(TASK TO COMPLETE) Return the records exactly as they are.
═════ EXTRACTED DATA ═════
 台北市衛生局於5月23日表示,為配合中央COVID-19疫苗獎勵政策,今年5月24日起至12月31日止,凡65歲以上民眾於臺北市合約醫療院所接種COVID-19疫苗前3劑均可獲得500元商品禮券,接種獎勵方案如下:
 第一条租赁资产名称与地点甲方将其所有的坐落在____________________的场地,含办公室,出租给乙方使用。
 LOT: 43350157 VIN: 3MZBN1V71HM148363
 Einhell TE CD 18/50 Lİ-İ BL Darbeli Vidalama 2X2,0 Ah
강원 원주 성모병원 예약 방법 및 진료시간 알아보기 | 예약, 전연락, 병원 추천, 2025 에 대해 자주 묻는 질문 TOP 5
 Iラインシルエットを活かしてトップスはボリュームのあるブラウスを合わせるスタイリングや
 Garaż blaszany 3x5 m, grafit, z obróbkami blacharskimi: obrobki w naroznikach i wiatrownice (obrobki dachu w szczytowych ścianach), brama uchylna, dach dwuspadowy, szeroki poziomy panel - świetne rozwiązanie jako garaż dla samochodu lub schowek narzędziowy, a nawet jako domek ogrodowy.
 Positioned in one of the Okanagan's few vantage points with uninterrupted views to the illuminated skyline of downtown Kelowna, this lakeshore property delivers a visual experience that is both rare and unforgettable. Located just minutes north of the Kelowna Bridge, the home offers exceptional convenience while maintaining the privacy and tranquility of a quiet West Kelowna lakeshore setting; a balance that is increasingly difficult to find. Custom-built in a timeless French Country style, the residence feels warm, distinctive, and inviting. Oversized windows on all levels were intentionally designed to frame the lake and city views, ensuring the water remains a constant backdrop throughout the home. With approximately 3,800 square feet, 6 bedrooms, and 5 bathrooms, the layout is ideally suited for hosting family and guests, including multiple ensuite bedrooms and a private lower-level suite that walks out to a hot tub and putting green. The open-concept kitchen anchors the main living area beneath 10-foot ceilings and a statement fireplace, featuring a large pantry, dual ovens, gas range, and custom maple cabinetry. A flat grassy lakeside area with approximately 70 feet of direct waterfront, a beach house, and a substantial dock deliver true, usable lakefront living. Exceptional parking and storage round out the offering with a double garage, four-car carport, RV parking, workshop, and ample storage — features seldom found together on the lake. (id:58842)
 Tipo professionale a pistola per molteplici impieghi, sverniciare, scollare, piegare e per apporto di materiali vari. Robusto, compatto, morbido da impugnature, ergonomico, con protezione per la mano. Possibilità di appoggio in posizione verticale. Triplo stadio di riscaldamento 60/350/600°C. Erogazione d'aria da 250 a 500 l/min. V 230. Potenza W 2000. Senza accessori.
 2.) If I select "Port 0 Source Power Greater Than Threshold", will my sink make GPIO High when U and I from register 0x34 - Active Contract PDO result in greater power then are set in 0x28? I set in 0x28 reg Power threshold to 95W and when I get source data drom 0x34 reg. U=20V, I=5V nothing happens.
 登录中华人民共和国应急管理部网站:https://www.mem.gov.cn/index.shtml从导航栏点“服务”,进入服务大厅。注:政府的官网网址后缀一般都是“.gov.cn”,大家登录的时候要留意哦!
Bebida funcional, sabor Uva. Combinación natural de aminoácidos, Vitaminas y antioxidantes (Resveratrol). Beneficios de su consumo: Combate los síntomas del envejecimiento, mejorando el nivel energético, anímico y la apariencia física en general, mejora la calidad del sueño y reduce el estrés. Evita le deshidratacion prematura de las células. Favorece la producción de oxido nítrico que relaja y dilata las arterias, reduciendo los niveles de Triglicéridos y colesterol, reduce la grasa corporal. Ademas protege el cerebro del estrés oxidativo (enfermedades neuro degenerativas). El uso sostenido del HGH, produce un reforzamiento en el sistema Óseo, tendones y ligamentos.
═════
(YOUR RESPONSE)
 台北市衛生局於5月23日表示,為配合中央COVID-19疫苗獎勵政策,今年5月24日起至12月31日止,凡65歲以上民眾於臺北市合約醫療院所接種COVID-19疫苗前3劑均可獲得500元商品禮券,接種獎勵方案如下:
 第一条租赁资产名称与地点甲方将其所有的坐落在____________________的场地,含办公室,出租给乙方使用。
 LOT: 43350157 VIN: 3MZBN1V71HM148363
 Einhell TE CD 18/50 Lİ-İ BL Darbeli Vidalama 2X2,0 Ah
강원 원주 성모병원 예약 방법 및 진료시간 알아보기 | 예약, 전연락, 병원 추천, 2025 에 대해 자주 묻는 질문 TOP 5
 Iラインシルエットを活かしてトップスはボリュームのあるブラウスを合わせるスタイリングや
 Garaż blaszany 3x5 m, grafit, z obróbkami blacharskimi: obrobki w naroznikach i wiatrownice (obrobki dachu w szczytowych ścianach), brama uchylna, dach dwuspadowy, szeroki poziomy panel - świetne rozwiązanie jako garaż dla samochodu lub schowek narzędziowy, a nawet jako domek ogrodowy.
 Positioned in one of the Okanagan's few vantage points with uninterrupted views to the illuminated skyline of downtown Kelowna, this lakeshore property delivers a visual experience that is both rare and unforgettable. Located just minutes north of the Kelowna Bridge, the home offers exceptional convenience while maintaining the privacy and tranquility of a quiet West Kelowna lakeshore setting; a balance that is increasingly difficult to find. Custom-built in a timeless French Country style, the residence feels warm, distinctive, and inviting. Oversized windows on all levels were intentionally designed to frame the lake and city views, ensuring the water remains a constant backdrop throughout the home. With approximately 3,800 square feet, 6 bedrooms, and 5 bathrooms, the layout is ideally suited for hosting family and guests, including multiple ensuite bedrooms and a private lower-level suite that walks out to a hot tub and putting green. The open-concept kitchen anchors the main living area beneath 10-foot ceilings and a statement fireplace, featuring a large pantry, dual ovens, gas range, and custom maple cabinetry. A flat grassy lakeside area with approximately 70 feet of direct waterfront, a beach house, and a substantial dock deliver true, usable lakefront living. Exceptional parking and storage round out the offering with a double garage, four-car carport, RV parking, workshop, and ample storage — features seldom found together on the lake. (id:58842)
 Tipo professionale a pistola per molteplici impieghi, sverniciare, scollare, piegare e per apporto di materiali vari. Robusto, compatto, morbido da impugnature, ergonomico, con protezione per la mano. Possibilità di appoggio in posizione verticale. Triplo stadio di riscaldamento 60/350/600°C. Erogazione d'aria da 250 a 500 l/min. V 230. Potenza W 2000. Senza accessori.
 2.) If I select "Port 0 Source Power Greater Than Threshold", will my sink make GPIO High when U and I from register 0x34 - Active Contract PDO result in greater power then are set in 0x28? I set in 0x28 reg Power threshold to 95W and when I get source data drom 0x34 reg. U=20V, I=5V nothing happens.
 登录中华人民共和国应急管理部网站:https://www.mem.gov.cn/index.shtml从导航栏点“服务”,进入服务大厅。注:政府的官网网址后缀一般都是“.gov.cn”,大家登录的时候要留意哦!
Bebida funcional, sabor Uva. Combinación natural de aminoácidos, Vitaminas y antioxidantes (Resveratrol). Beneficios de su consumo: Combate los síntomas del envejecimiento, mejorando el nivel energético, anímico y la apariencia física en general, mejora la calidad del sueño y reduce el estrés. Evita le deshidratacion prematura de las células. Favorece la producción de oxido nítrico que relaja y dilata las arterias, reduciendo los niveles de Triglicéridos y colesterol, reduce la grasa corporal. Ademas protege el cerebro del estrés oxidativo (enfermedades neuro degenerativas). El uso sostenido del HGH, produce un reforzamiento en el sistema Óseo, tendones y ligamentos.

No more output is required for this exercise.